In skating, you should not limit yourself to the lower limbs only, but also include your back, and for sprinters, your upper limbs. Moreover, if you have workout sessions in your training program, your arms are probably concerned too.
Hamstring muscle stretching
That 3-muscle group situated at the back of the thigh is often subject to muscle strain, pull or tear. It is stimulated a lot during effort. Do not neglect it: stretch it systematically!
- bicep femoris (short head)
- bicep femoris (long head)
- semi tendinosus
- semi membranous
First way of stretching your hamstring muscles
- sitting on the ground, with your legs straight forward
- gradually make your chest go down toward your knees
- your back should remain straight
- your pelvis is the one doing the movement
Second efficient stretching technique for hamstring muscles
- standing in front of a wall, a gate, etc.
- put a leg on the ledge
- gradually make your chest go down toward the knee of your straight leg, while keeping your back straight
- be careful not to put the foot too violently back to the ground in order to avoid injuries at the Achilles tendon.
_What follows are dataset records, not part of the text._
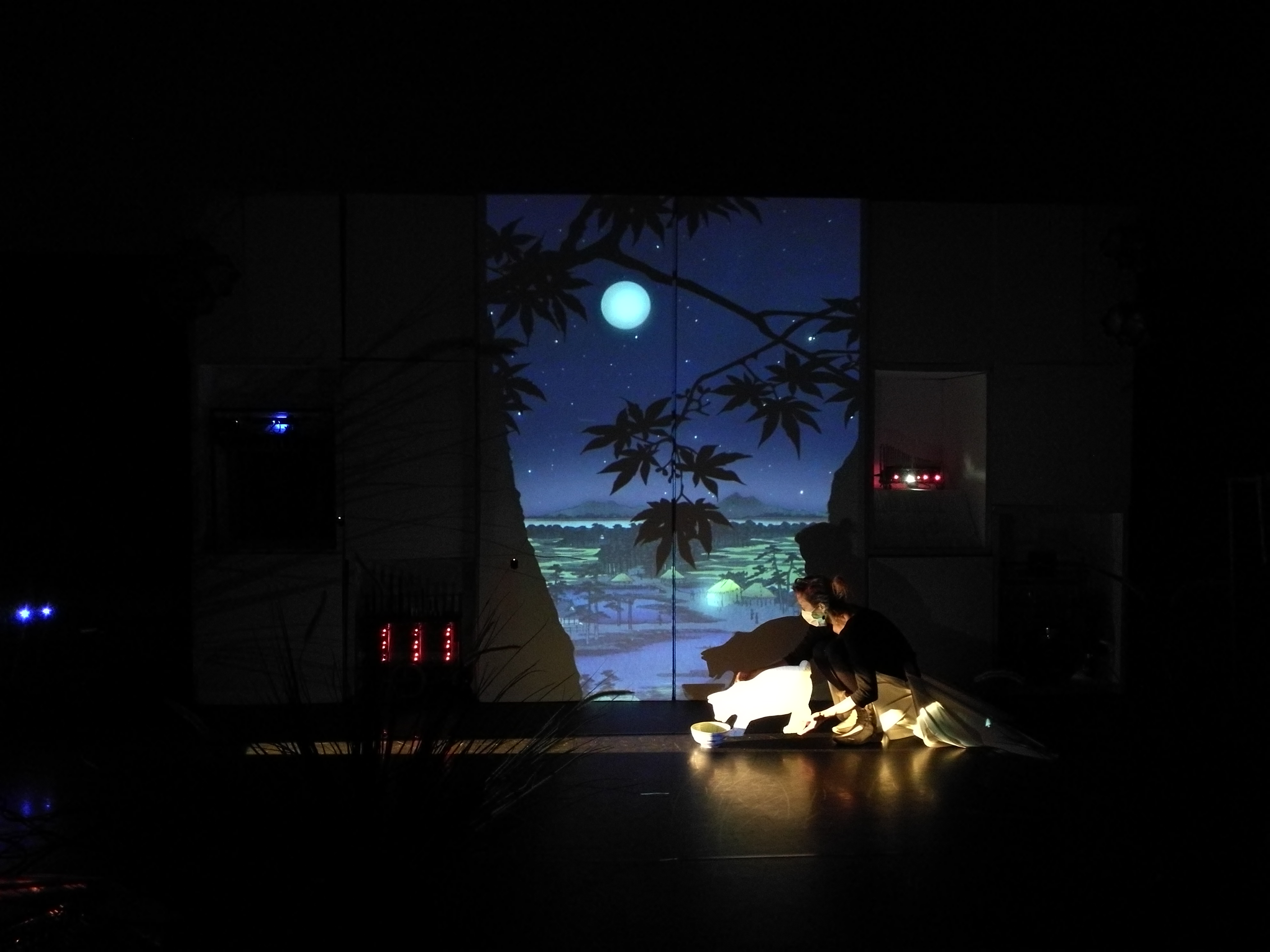 Een herfstlandschap uit 100 beroemde gezichten van Edo van de Japanse kunstenaar Hiroshige vormt het vertrekpunt van de familievoorstelling U ki yo E.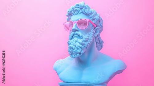 Greek blue bust with brutal god Zeus wearing rose colored glasses on pink pastel background with copy space.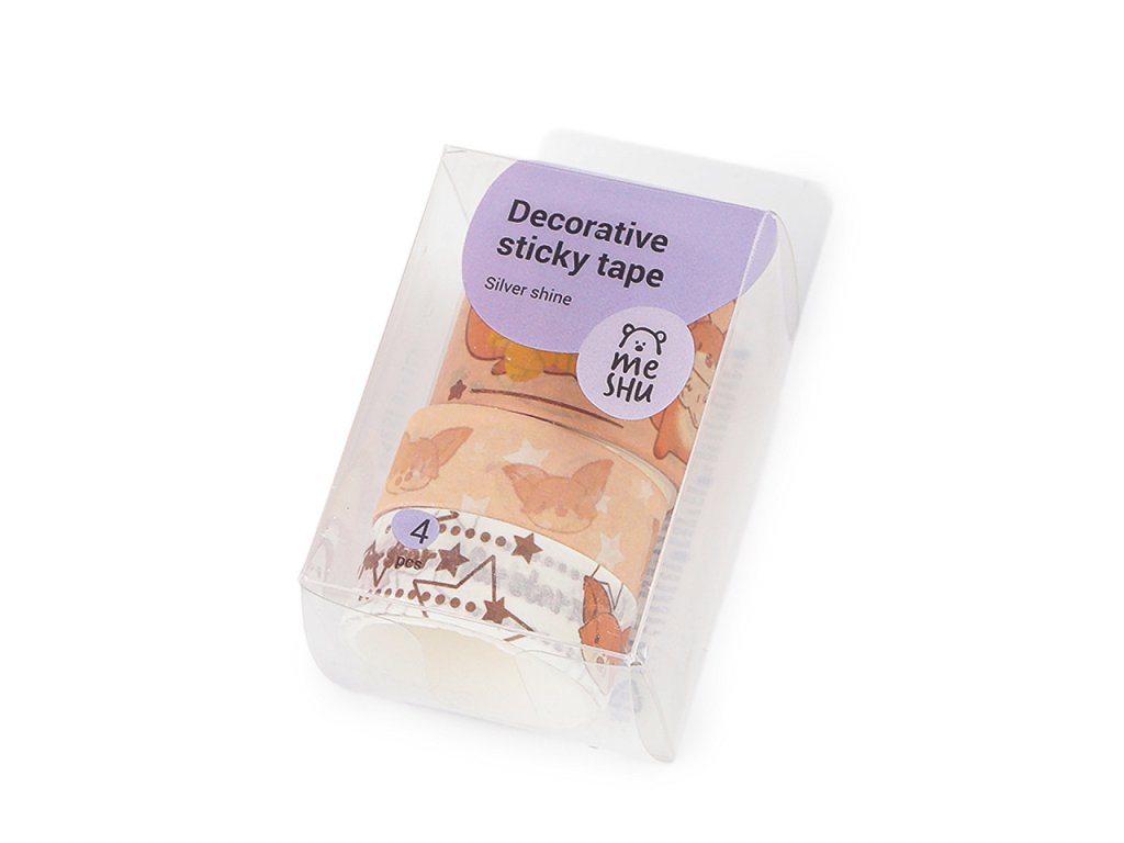 Sada barevných washi lepicích pásek, které můžete lepit na hladké povrchy jako je dřevo, plast, papír, sklo, atd. je ozdobená dětskými motivy. Je ideální pro dekorování diářů, balení dárků, scrapbooking nebo jiné kreativní projekty. Výhodou pásky je, že je z papíru a můžete ji lehce utrhnout. Díky samolepicí vrstvě je velmi snadno použitelná a nezanechává stopy po odstranění. Krabička obsahuje 3 ks pásek, každý kotouček obsahuje cca 1,8 m pásky. Dvě pásky jsou široké 15 mm, jedna je široká 30 mm. Mix všech pásek je zabalený v transparentní krabičce, která má rozměry 4,5 x 4,5 x 8,5 cm.- Šířka: 15; 30 mm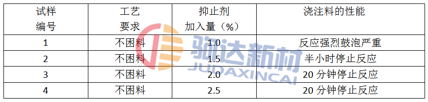 高鋁磷酸鹽澆注料采用不困料。添加抑止劑是項(xiàng)施工新工藝,但關(guān)鍵是控制好抑止劑的加入量。我們以高鋁礬土為原料(Fe2O3<1.5%),以江蘇武進(jìn)生產(chǎn)的PA-80膠作結(jié)合劑,反復(fù)實(shí)驗(yàn)抑止劑適宜的加入量為2~2.5%,試驗(yàn)情況見(jiàn)表4。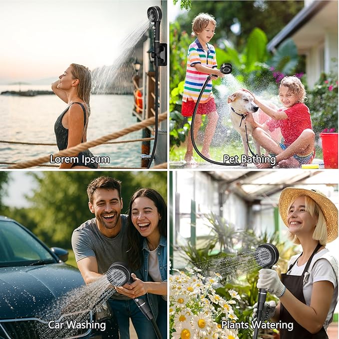 • 【Multi-purpose Use】 Suitable for camping, RV travel, beach, swimming pool, pet bathing, car washing and other scenarios. No matter where you are, you can easily enjoy the fun of showering.

A famous variant that should be avoided
You can do that drill standing and bending forward to touch your feet, but we would advise you not to, given that keeping your balance leads to a contraction of the muscle that is being stretched, which makes the stretching inefficient, even traumatising.
Stretching the quadriceps
That 4-muscle group is at the front of the thigh. It is often called “thigh” by misuse of language, but it enables to locate it more easily.
These muscles work a lot in skating, just as the hamstring muscles, because of the forward leaning stance.
- vastus lateralis
- vastus medalis
- rectus femoris
- vastus intermedius
The “pink floyd” position
- standing on one foot
- grab your other foot, the heel on your buttock, be careful not to arch your back
- hold the knee in the axis without twisting it on the side
- your spine should remain straight during the stretching
- curve the lower back aud push the bum out (anterior tilt) to feel the stress on your quadriceps
Tip: you can lean on a gate or a wall to stabilize.
The lazy pink floyd
That drill may be performed in the same position but lying on the ground. Put your elbows on the ground to avoid arching your back. The foot is thus brought back to the side.
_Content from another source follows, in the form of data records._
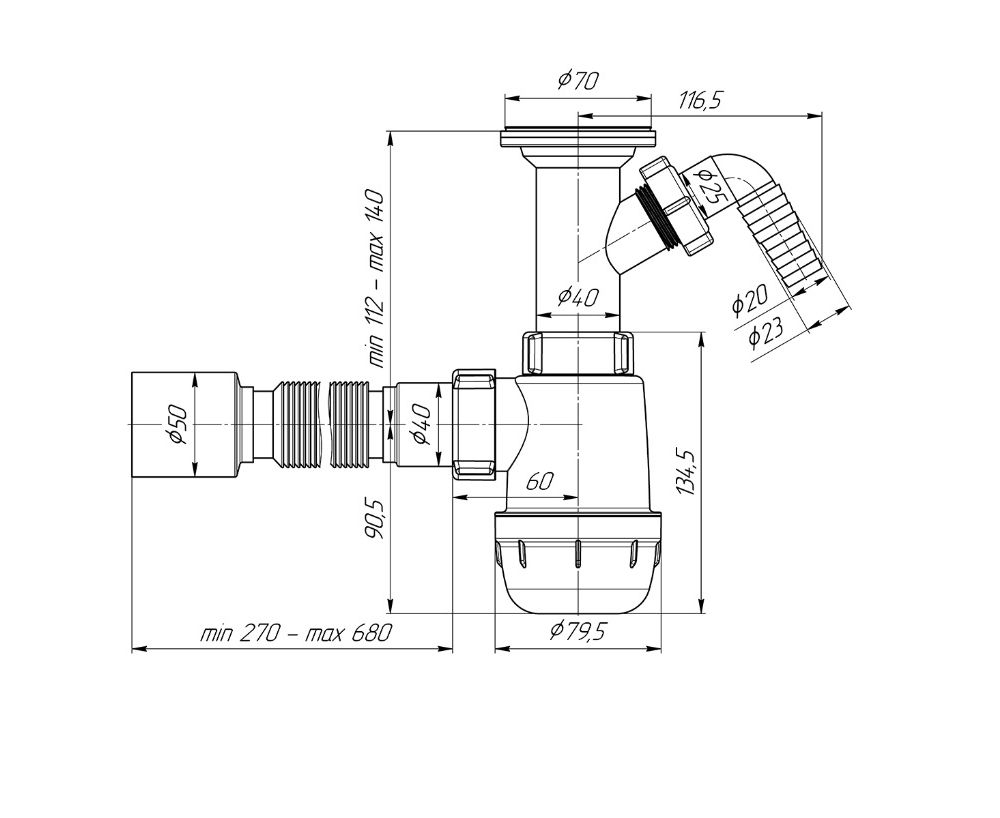 • тип сифона: бутылочный;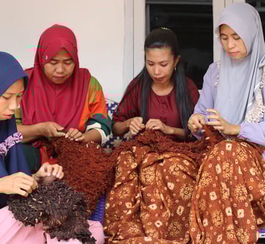 Kami mendukung perempuan pengrajin lokal melalui pelatihan dan produk ramah lingkungan, menjaga budaya dan lingkungan, serta menciptakan dampak positif bagi komunitas di Musi Banyuasin dan Balikpapan.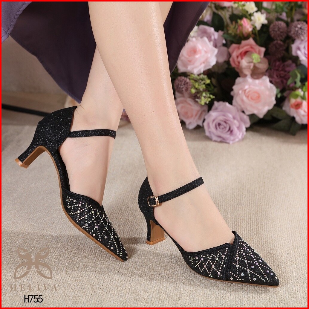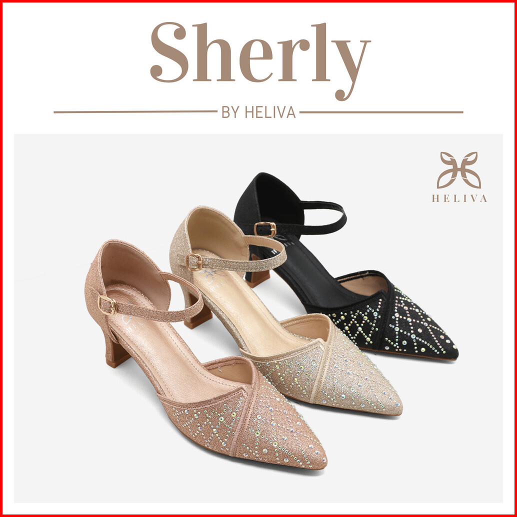 Heliva Sherly High Heels Pesta Wanita Tali Angkle Detail Payet Gliter Hak 6cm H755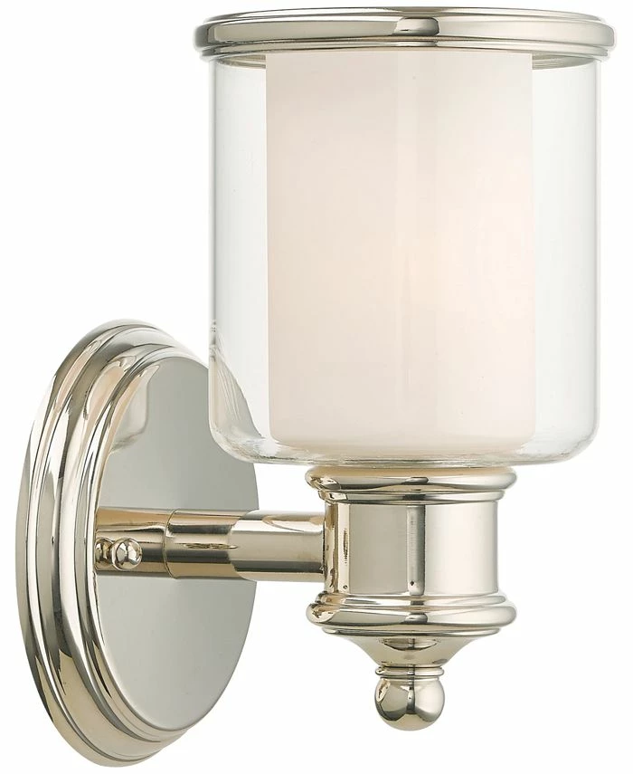 A shimmering polished nickel finish and combination of hand-blown and satin opal white glass shades speak of a magnificent fusion of traditional and modern design aesthetics on this illuminating handmade Middlebush Sconce by Livex.

Stretching of the quadriceps with a front lunge
The quadriceps can also be stretched doing front lunge. The position is close to doing the splits.
- the back leg is quite straight and leans on the toes
- the front leg is bent and leans on the whole foot
- your back should remain straight during the whole drill
- in order to stretch the quadriceps more, you just have to straighten the back leg. In that position, the iliopsoas muscle is also stretched.
The adductors are in the inner part of the leg.
In skating, they are stimulated in stretching during the push phase of the stride, and in contraction when the leg goes back.
- adductor brevis
- adductor longus
- adductor magnus
Stretching your adductors doing the splits
There are lots of solutions to stretch those muscles, the easiest consists in:
- sitting on the ground with your legs straight forward
- opening gradually the angle of your legs
- there comes a moment when you feel a slight stress. It is when you have to keep the position.
Warning: You should not open until it hurts to avoid damaging your muscle. On the picture above, Ghizlane leans sideways to grab her toes, which enables her to stretch the side of her chest (intercostal muscles).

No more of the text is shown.